Raw data:
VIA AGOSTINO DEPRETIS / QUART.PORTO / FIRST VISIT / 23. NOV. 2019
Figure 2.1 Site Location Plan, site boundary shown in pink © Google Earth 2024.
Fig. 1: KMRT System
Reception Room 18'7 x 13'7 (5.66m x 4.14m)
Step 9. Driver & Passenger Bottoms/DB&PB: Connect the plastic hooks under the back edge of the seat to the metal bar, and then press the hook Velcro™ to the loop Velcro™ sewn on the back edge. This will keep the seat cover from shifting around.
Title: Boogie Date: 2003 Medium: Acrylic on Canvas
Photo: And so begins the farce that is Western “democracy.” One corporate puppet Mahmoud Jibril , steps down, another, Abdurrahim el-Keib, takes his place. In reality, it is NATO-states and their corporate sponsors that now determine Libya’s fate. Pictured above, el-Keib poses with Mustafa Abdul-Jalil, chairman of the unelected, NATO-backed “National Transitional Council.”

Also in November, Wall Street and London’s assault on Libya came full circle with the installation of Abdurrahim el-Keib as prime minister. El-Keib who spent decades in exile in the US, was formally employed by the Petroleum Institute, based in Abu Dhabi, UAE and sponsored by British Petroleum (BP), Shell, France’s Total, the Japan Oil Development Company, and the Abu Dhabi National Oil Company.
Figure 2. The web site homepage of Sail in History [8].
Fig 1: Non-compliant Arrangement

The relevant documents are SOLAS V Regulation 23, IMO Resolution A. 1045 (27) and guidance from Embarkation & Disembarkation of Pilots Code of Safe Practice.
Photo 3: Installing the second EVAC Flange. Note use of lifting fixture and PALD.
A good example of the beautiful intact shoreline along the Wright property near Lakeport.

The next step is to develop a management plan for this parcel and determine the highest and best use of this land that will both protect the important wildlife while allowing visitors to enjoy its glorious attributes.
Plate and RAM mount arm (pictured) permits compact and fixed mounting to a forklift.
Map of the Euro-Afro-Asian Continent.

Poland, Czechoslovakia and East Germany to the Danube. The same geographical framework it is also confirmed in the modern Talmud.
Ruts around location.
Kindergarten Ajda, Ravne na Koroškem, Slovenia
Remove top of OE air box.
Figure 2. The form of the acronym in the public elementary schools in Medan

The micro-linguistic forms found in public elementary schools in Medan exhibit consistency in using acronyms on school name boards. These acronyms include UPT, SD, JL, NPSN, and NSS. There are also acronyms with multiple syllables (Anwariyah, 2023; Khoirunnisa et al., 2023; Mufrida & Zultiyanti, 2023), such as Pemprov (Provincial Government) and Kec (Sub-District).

...

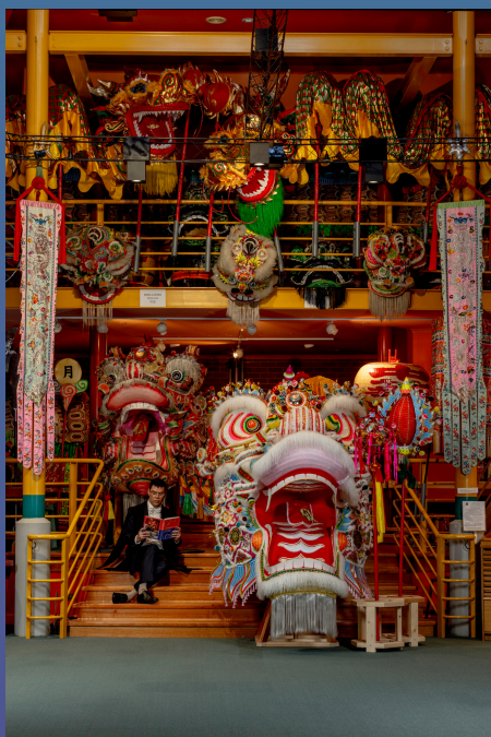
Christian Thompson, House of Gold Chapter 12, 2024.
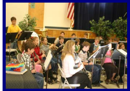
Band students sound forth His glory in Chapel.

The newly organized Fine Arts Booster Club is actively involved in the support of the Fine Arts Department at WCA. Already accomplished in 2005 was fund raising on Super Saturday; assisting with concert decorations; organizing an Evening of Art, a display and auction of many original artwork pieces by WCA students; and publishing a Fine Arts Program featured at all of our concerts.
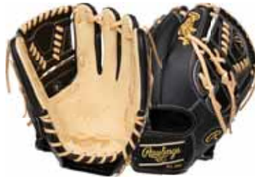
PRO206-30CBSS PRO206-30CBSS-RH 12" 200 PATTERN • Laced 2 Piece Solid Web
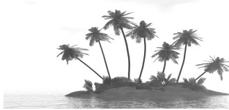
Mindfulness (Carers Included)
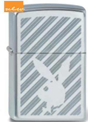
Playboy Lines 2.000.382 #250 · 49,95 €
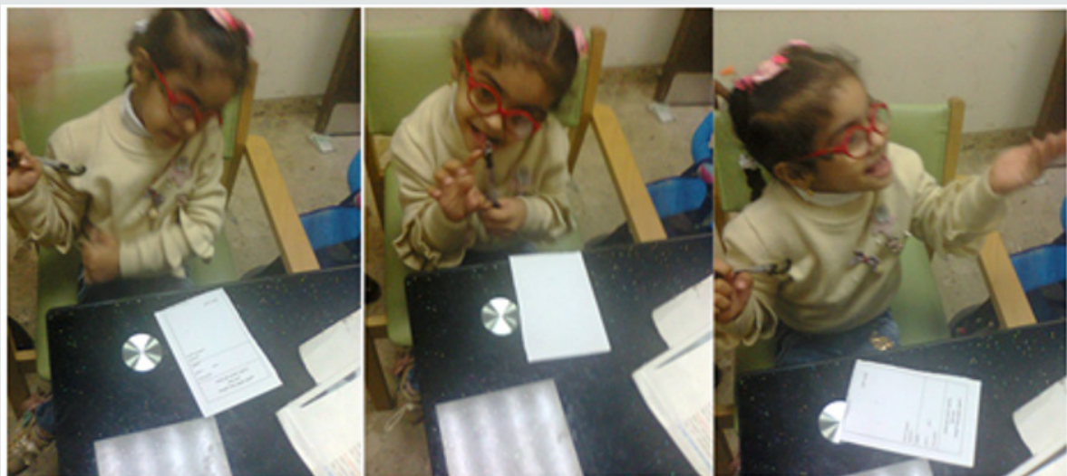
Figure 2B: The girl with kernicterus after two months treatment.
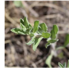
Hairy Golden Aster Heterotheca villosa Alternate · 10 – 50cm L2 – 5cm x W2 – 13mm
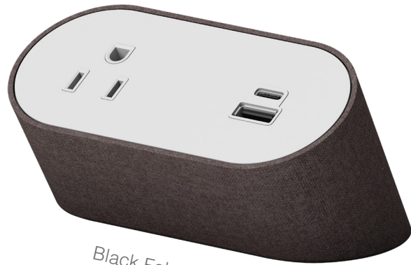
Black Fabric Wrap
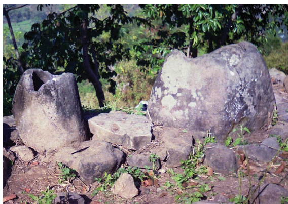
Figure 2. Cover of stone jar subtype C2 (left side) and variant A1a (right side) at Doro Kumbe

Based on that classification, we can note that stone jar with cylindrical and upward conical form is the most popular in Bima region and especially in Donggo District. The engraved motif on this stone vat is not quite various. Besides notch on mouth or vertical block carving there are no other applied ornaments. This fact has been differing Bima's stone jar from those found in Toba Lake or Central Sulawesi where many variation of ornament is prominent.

--

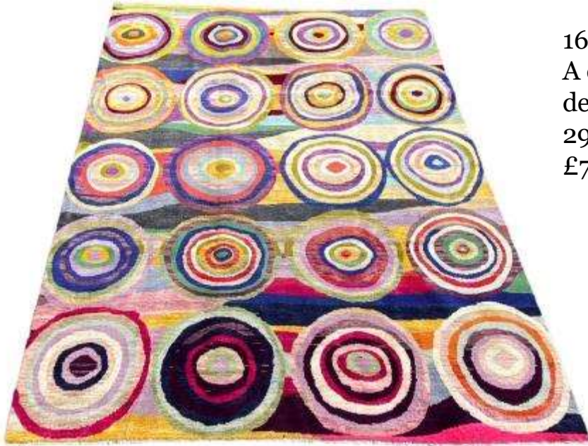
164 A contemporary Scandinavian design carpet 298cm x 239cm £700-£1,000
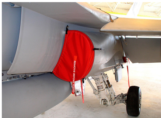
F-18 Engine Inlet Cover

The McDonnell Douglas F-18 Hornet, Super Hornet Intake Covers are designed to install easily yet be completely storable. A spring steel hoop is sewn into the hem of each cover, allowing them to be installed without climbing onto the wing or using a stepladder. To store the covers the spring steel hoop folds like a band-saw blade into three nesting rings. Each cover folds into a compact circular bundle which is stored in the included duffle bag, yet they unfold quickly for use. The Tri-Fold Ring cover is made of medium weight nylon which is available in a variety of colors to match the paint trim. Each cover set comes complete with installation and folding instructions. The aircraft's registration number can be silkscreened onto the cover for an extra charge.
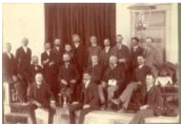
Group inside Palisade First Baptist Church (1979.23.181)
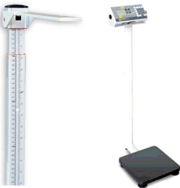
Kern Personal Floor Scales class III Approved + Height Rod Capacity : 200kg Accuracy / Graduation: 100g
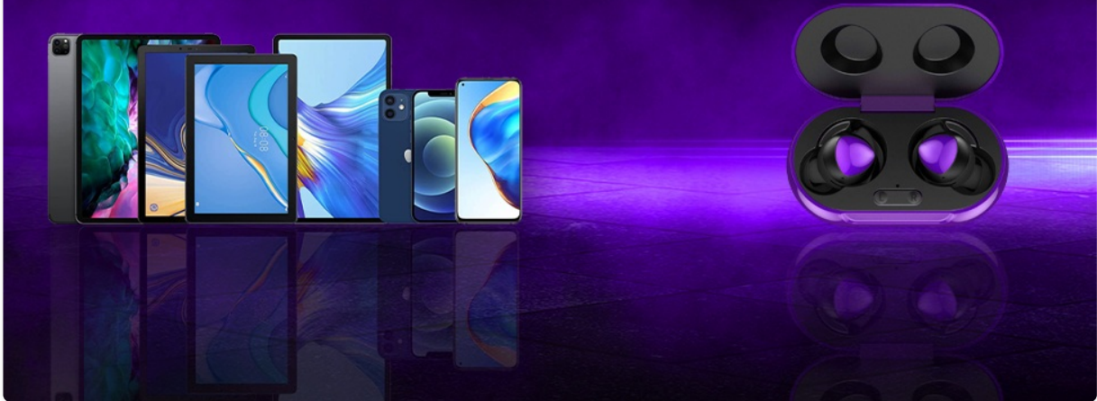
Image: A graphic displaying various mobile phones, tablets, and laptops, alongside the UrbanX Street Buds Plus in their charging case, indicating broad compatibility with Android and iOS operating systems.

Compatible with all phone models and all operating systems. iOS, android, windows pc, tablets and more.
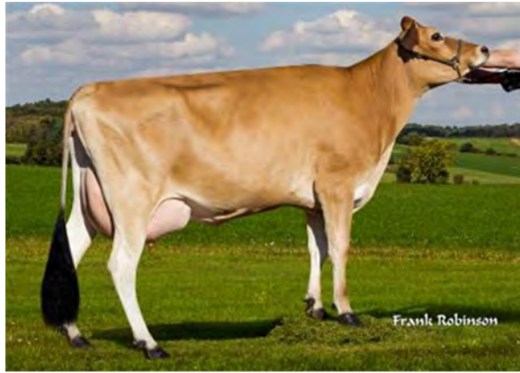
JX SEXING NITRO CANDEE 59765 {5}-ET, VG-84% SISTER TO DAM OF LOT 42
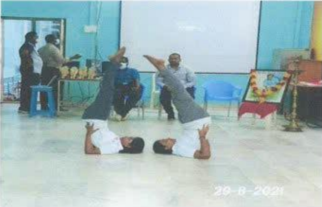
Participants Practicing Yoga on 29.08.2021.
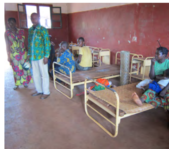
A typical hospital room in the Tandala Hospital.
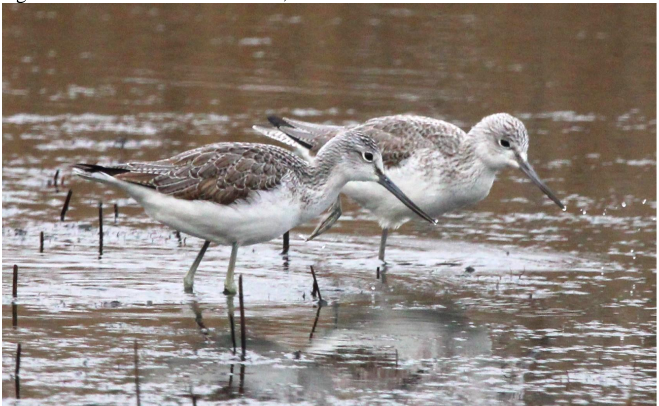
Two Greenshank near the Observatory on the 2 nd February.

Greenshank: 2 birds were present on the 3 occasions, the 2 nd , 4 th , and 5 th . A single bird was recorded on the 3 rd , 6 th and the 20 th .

What you need to do: Consider the entries above and return each line with the string "Greenshank".

Solved problem:
Two Greenshank near the Observatory on the 2 nd February.
Greenshank: 2 birds were present on the 3 occasions, the 2 nd , 4 th , and 5 th . A single bird was recorded on the 3 rd , 6 th and the 20 th .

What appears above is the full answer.